Testing the Rate Limiter

Restart the server if it's not already running:

uvicorn main:app --reload

Manual Testing with curl

Manual testing with curl is useful during development when you want to quickly verify that your middleware is working. A single request lets you confirm that the rate limit headers are present, the values are correct, and one token is consumed as expected.

This approach is fast and requires no additional setup, making it ideal for spot-checking your configuration after making changes.
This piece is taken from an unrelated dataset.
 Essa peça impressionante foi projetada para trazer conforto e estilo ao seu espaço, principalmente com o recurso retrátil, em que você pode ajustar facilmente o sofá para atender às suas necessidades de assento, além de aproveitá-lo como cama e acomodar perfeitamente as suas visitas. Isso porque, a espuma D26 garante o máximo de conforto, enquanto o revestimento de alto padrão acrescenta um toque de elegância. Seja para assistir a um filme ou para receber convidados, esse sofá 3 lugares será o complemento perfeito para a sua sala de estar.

Send a single request and inspect the response:

curl -i http://127.0.0.1:8000/data

You should see a 200 response with headers like:

HTTP/1.1 200 OK
x-ratelimit-limit: 10
x-ratelimit-remaining: 9
x-ratelimit-reset: 1739836801

Automated Burst Test

While curl confirms that the rate limiter is active, it can't verify that the limiter actually blocks requests when the bucket is empty. For that, you need to send requests faster than the refill rate and observe the 429 responses. An automated burst test is essential before deploying to production, after changing your bucket parameters, or when you need to verify both the blocking and refill behavior.
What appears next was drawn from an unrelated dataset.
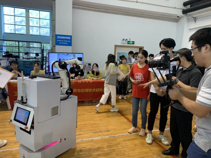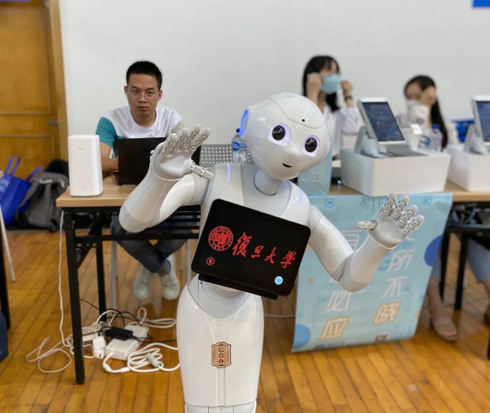 在今年“特殊”的迎新季,现场还有一台来自复旦大学工程与应用技术研究院智能工业机器人实验室的消毒机器人。它不仅可以实现大范围消毒,还可以实现对特定目标的定点、跟踪喷洒消毒及擦拭消毒。这款机器人不仅向新生们展示了人工智能的科研成果,还体现了科学研究与实际结合,适应社会需求的目标。

Create a file called test_ratelimit.py in your project directory:

import requests
import time


def test_burst():
    """Send 15 rapid requests to trigger the rate limit."""
    url = "http://127.0.0.1:8000/data"
    results = []

    for i in range(15):
        response = requests.get(url)
        remaining = response.headers.get("X-RateLimit-Remaining", "N/A")
        results.append((i + 1, response.status_code, remaining))
        print(f"Request {i+1:2d} | Status: {response.status_code} | Remaining: {remaining}")

    print()

    allowed = sum(1 for _, status, _ in results if status == 200)
    blocked = sum(1 for _, status, _ in results if status == 429)
    print(f"Allowed: {allowed}, Blocked: {blocked}")


def test_refill():
    """Exhaust tokens, wait for a refill, then confirm requests succeed again."""
    url = "http://127.0.0.1:8000/data"

    print("\n--- Exhausting tokens ---")
    for i in range(12):
        response = requests.get(url)
        print(f"Request {i+1:2d} | Status: {response.status_code}")
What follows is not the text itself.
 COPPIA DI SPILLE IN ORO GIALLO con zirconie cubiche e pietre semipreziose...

    print("\n--- Waiting 3 seconds for refill ---")
    time.sleep(3)

    print("\n--- Sending requests after refill ---")
    for i in range(5):
        response = requests.get(url)
        remaining = response.headers.get("X-RateLimit-Remaining", "N/A")
        print(f"Request {i+1:2d} | Status: {response.status_code} | Remaining: {remaining}")


if __name__ == "__main__":
    print("=== Burst Test ===")
    test_burst()

    # Allow bucket to refill before next test
    time.sleep(6)

    print("\n=== Refill Test ===")
    test_refill()

Install the requests library if you don't have it:

pip install requests

Run the test:

python test_ratelimit.py

You should see output similar to:

=== Burst Test ===
Request  1 | Status: 200 | Remaining: 9
Request  2 | Status: 200 | Remaining: 8
Request  3 | Status: 200 | Remaining: 7
...
Request 10 | Status: 200 | Remaining: 0
Request 11 | Status: 429 | Remaining: 0
Request 12 | Status: 429 | Remaining: 0
...
Request 15 | Status: 429 | Remaining: 0

Allowed: 10, Blocked: 5

The first 10 requests succeed (one token each from the full bucket). Requests 11 through 15 are rejected because the bucket is empty. The refill test then confirms that after waiting, tokens reappear and requests succeed again.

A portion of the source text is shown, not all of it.